Introduction to the 'How to make … ' series

This is a new series of ebooklets on how to make your own … well … anything.

I started about 16 years ago making my own toiletries because I got a skin reaction from the commercial types no matter how much or how little I spent on the products. I tested Chanel including Clinique and Clarins and still I had problems. I tried Dermalogica and even sold the product for a while in my salon until I had a bad reaction.

My main ingredient was Olive Oil and it still is today. I use it as a furniture polish as well as in my spanish tortillas. But mainly I use it to wash with and as a moisturiser and sunscreen.

What makes soap and shampoo soapy?

The reaction of an ingredient called sodium hydroxide or caustic soda with a fat. The sodium hydroxide or Lye can be found naturally in nature when rain water trickles through the ashes from a bonfire of wood. The resulting goo is highly corrosive and is called Lye. See this website for further info about Lye. Nowadays sodium hydroxide can be made from other sources.

Some plants give off saponification (bubbly, foamy, soapy) when in the water and this can be seen in rivers when there are many bubbles or foamy appearance near where the plants are growing.

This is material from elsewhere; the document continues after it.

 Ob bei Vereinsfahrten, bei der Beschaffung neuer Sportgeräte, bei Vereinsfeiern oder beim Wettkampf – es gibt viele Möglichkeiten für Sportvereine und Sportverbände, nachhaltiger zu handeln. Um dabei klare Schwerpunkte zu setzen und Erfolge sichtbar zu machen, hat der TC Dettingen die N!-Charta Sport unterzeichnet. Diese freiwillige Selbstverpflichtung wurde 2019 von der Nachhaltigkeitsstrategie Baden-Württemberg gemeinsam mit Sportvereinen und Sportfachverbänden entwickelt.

One such is soapwort and this is used in some shampoos.

Olive oil is saponified using a Lye and when I was living in Spain my friend’s Mum used caustic soda to create the reaction to make the oil soapy.

For ease of use I buy an olive oil soap but soapwort can be used instead for a real herbal soap base. Lye may be ‘natural’ but it is very, very corrosive and I wouldn’t want to create it myself with water butts, burning wood and collecting it.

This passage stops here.